11 December 2011

Designers: Use Google SketchUp!

A while ago I discovered and became addicted to Google SketchUp. 3D was a part of the Communications curriculum and the software I got from the district just wasn't very easy to use. Long story short, I switched to SketchUp and my 3D unit went from being dreaded to eagerly anticipated.

But recently I've been using SketchUp more as a designer. For example, look at the poster design at the left. I had an idea of bold, 3D objects. I chose 1s and 0s because we're using computers, and if you translated the binary you'd see "3D3D3D." But anyway, the idea was incredibly easy to produce in SketchUp, export a .png, throw it in Illustrator to add the "3D design" text, which of course has a 3D Rotate effect on it.

That's one way to use it. 1s and 0s are easy enough to draw and extrude. Then use the Styles palette and you're set. But what if you need something a little more complex, and you're just not much of a 3D modeler? That's where the Warehouse comes in.
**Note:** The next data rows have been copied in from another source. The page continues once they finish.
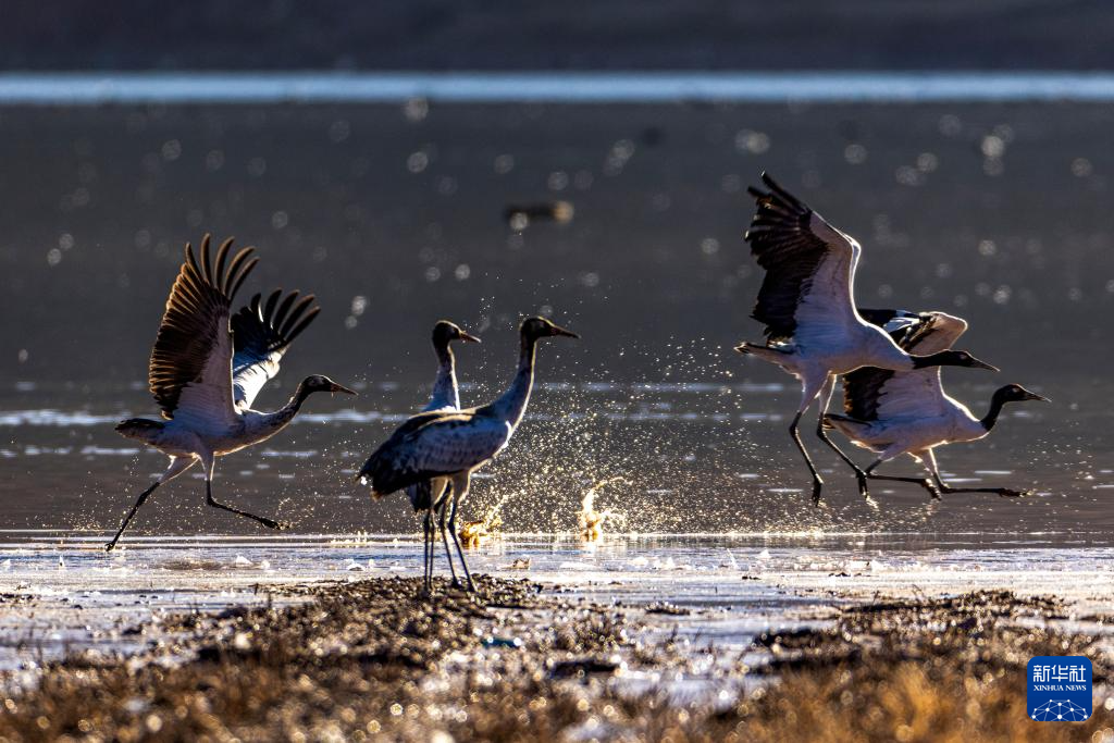 冬日時節,拉薩市林周縣迎來大批越冬候鳥,黑頸鶴、斑頭雁、赤麻鴨等候鳥在河谷、湖泊等地覓食、休憩。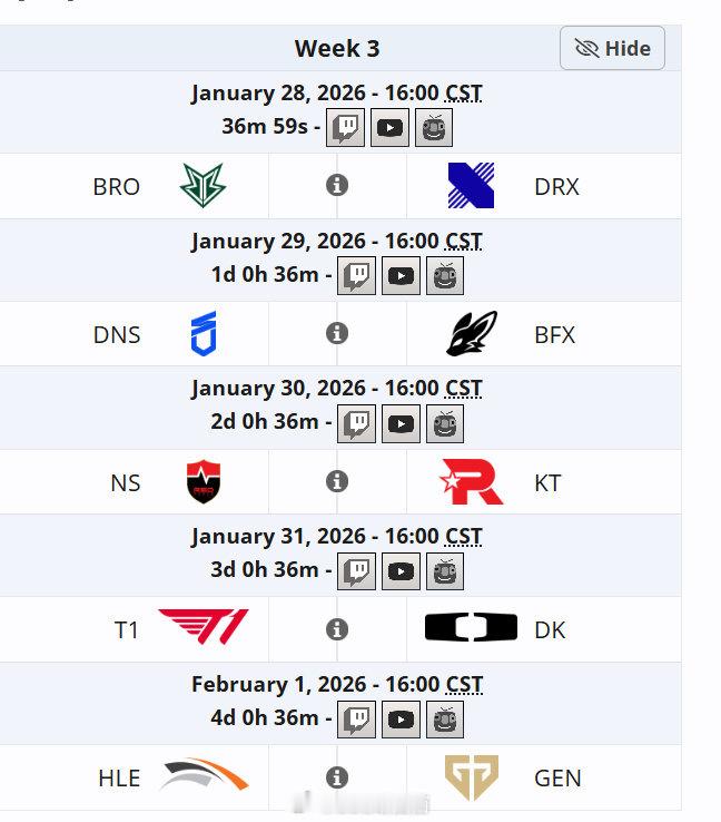 LCK超级周LCK的超级周将在今天开始,所有比赛都是BO5超级周赢了会获得双倍积分:1月28日:BRO vs DRX1月29日:DNS vs BFX1月30日:NS vs KT1月31日:T1 vs DK2月1日:HLE vs GENLCK杯英雄联盟S16
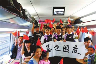 9月29日,值乘G32次的列车长刁倩茹(右一持横幅者),题写了“喜迎国庆”的横幅,与旅客们一起高唱《伟大的祖国》,共庆祖国母亲66周岁华诞。陈慈林 赵敏 摄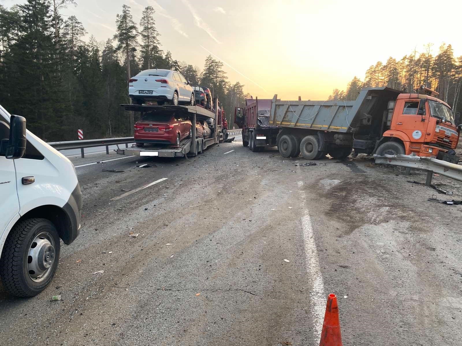 По сообщению ГИБДД, причиной аварии стало опасное вождение водителя автопоезда “Скания”, который не соблюдал безопасную дистанцию, в результате чего врезался в ехавший перед ним КаМАЗ.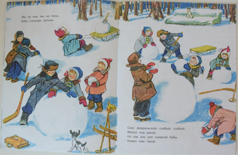 Тоненькая небольшая книжка со стихами о том, как дети лепят снежных баб. Вика особенно часто в последние дни вниматеьно рассматривает рисунки и просит почитать. На разворотах узнает своих друзей из дет.садика и делится впечатлениями, как каждый день с воспитательницей лепят снеговиков, снежному петуху раскрашивают золотой гребешок и бегают вокруг других снежных фигур. Да и я с любопытством рассматриваю в окно, какую красоту они налепили на площадках. В садике проводится конкурс снежных фигур, у нас -дымковские игрушки. Очень удачно выпала месячная норма осадков, снега - хоть ешь, лепи - не хочу:)))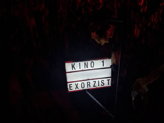 Im „Hostel“ war es noch ganz human, dann geht’s für uns weiter ins Kino 1 zum Exorzisten. Kein schöner Anblick und nichts für schwache Ohren – wir entschuldigen uns nochmals für das nicht beabsichtigte Blitzlicht. „Wer hat Angst vorm…bösen Clown“. ES und Terrifier, dessen Atem ich immer noch im Nacken spüre, harmonieren perfekt zusammen – böser Clown, guter Clown, den unser Praktikant doch mal kurz aus dem Konzept bringt, als er die blutigen Finger in einem Holzverschlag nicht nur zählt sondern auch einsammelt.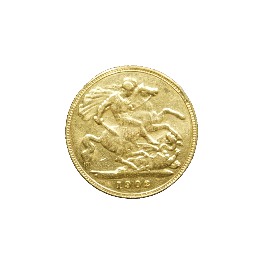 Moeda de ouro de origem inglesa datada de 1902.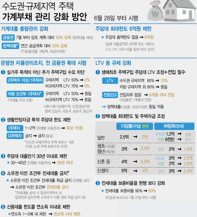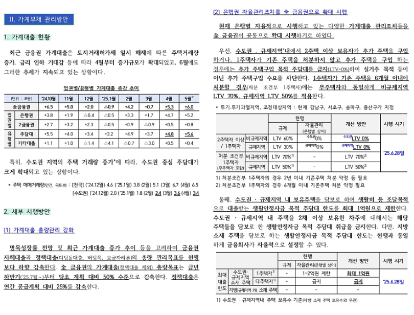 2025년 6월 28일부터 시행하는 수도권 주택 가계부채 관리 강화 방안 주요 내용에 대하여 정리해 드립니다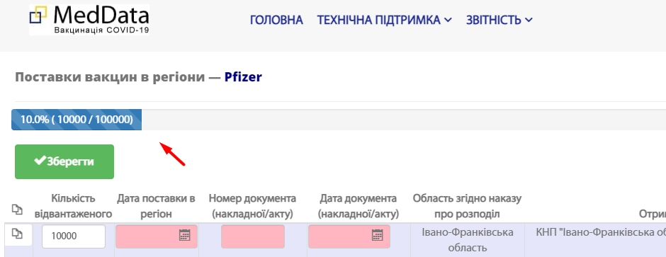 Зверху форми Поставки вакцин в регіони відображається інфографіка з даними про розподіл вакцини на регіони (у кількісному та відсотковому вираженні):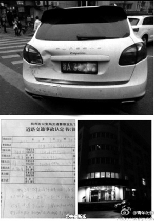 据杭州市交警部门消息,昨天下午,在杭州市延安路体育场路路口,一辆白色保时捷卡宴与一公交车发生刮擦。经确认,卡宴驾驶员为奥运冠军孙杨。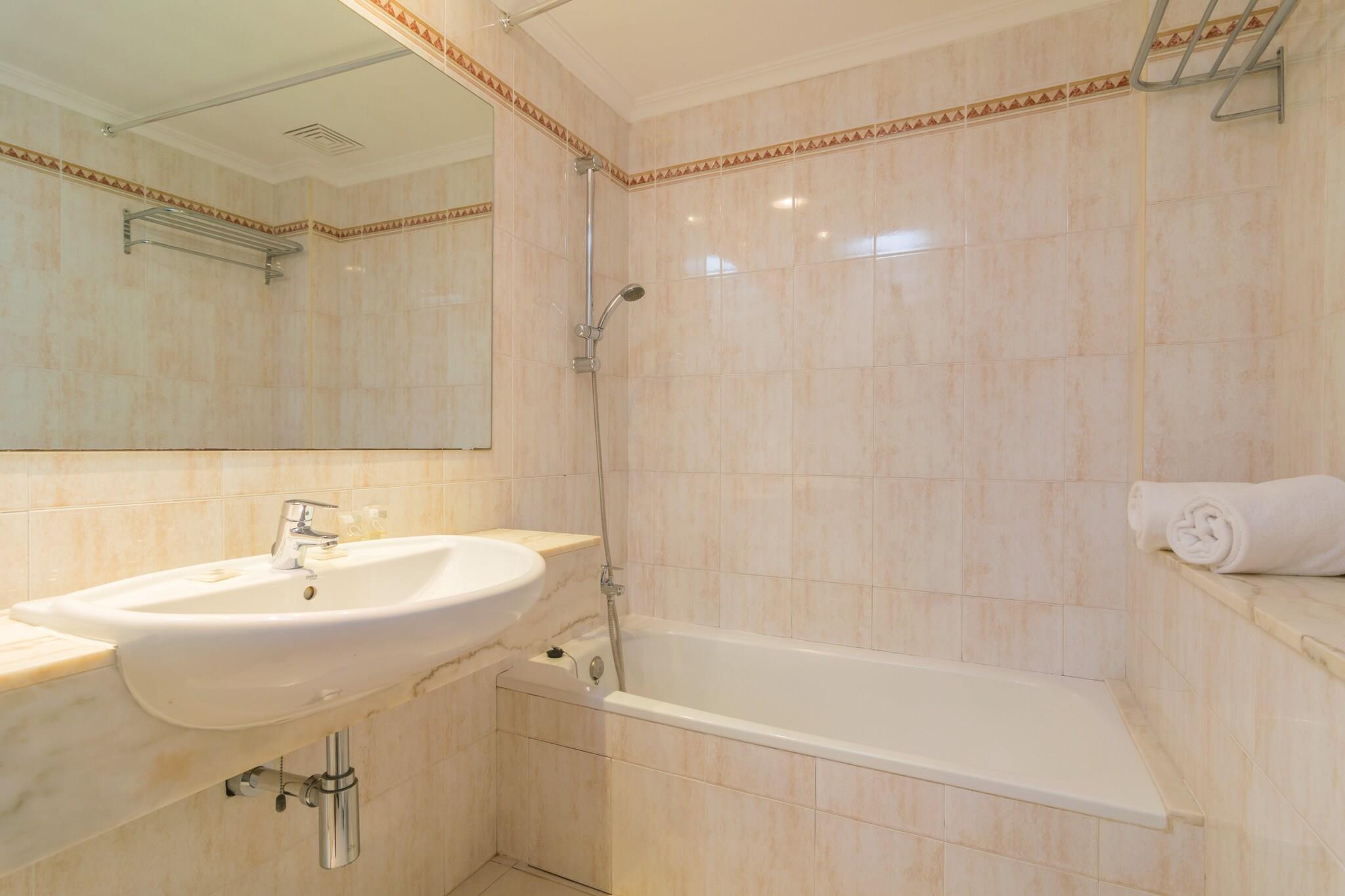 Stue(enkeltsovesofa), Køkken(komfur, kaffemaskine, mikrobølgeovn), soveværelse(2x enkeltseng), soveværelse(enkeltseng, enkeltseng), badeværelse, køle-fryseskab, badekar, håndvask, toilet, klimaanlæg, klimaanlæg, barneseng, barnestol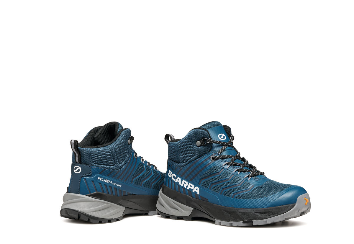 UPPER: Technical mesh with heat-sealed film external cage for more support, designed by SCARPA. Internal toe cap for more protection. Collar autofit 3D padding, wrapping the ankle for comfort and protection.
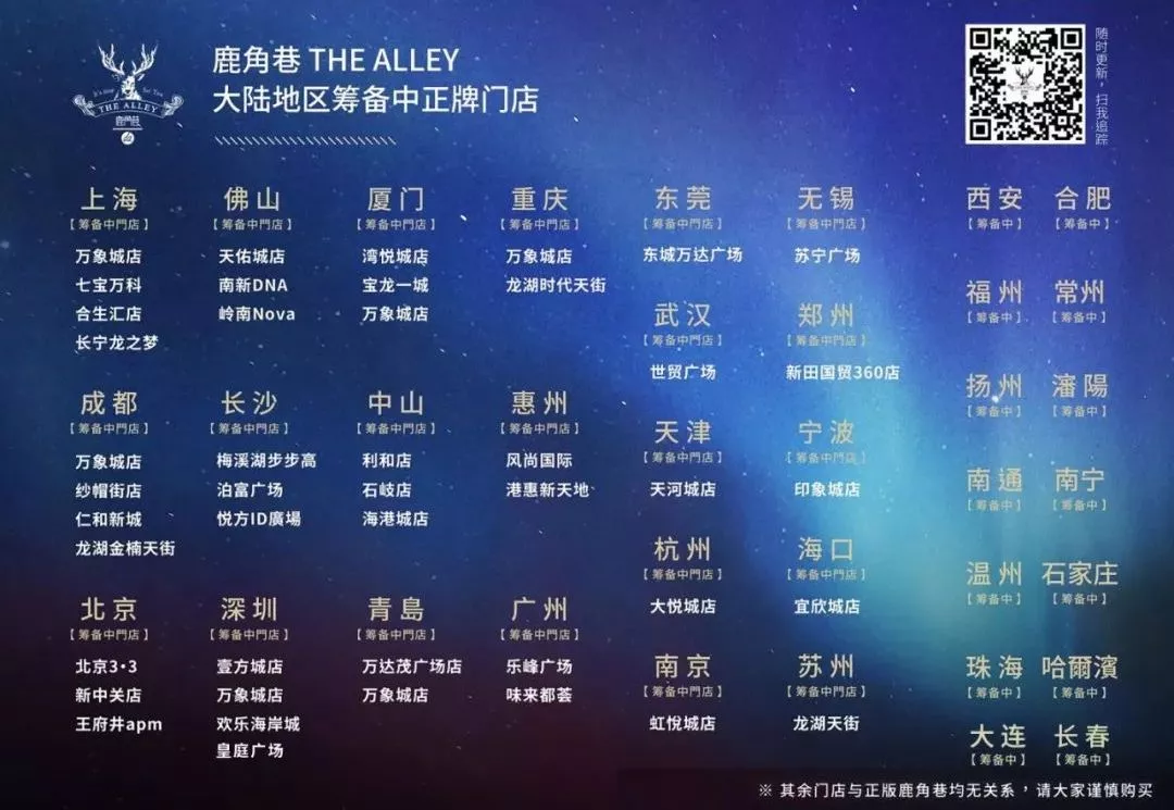 據(jù)大陸地區(qū)品牌總經(jīng)理譚力說(shuō):如果你在街邊小攤看到鹿角巷,那肯定是假的。因?yàn)槲覀冎蝗腭v大型商場(chǎng)。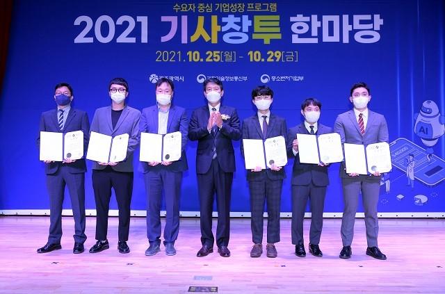 [광주=정찬남 기자] 조인철 광주광역시 문화경제부시장(사진/가운데)이 25일 오후 광주이노비즈센터 다목적강당에서 열린 ‘2021 기사창투(기술·사업화·창업·투자) 한마당’에 참석해 기술사업화 유공자에게 시상한 후 참석자들과 기념촬영을 하고 있다.

Nearly everything that ever existed in real life or in fiction has been modeled by someone, somewhere, and uploaded to the warehouse. For example, for my Back to the Future DVD case redesign I went out and found a DeLorean, created a wireframe style with thick enough lines, and boom, instant stylish technical drawing turned into a vector object with the help of Live Trace in Illustrator.

So now we've got simple 3D objects and technical-style drawings. One more use I've found is creating accurate silhouettes. I'm a HUGE fan of silhouette vectors, maybe due to my t-shirt designing heritage. (Oh and you should have seen my reaction to the silhouette level on Donkey Kong Country Returns.) By using Styles to make the background white, and the entire model black, you have an instant silhouette creator from any angle you want.

To illustrate, I took less than two minutes to create these images using SketchUp:
This is the model I found on the Warehouse.

This is the technical-style version.

And here is the silhouette.

One thing I'd like to try someday is to create a virtual background for scenes filmed in front of a green screen. But as I have no green screen at the moment, I haven't tried it yet. Also, I recently had my students use SketchUp to create scenes for comic strips. Although the quality of turned-in projects was largely very poor, the students had a lot of fun and I think with some refinement it can be a great project in the future. (Blog post forthcoming.)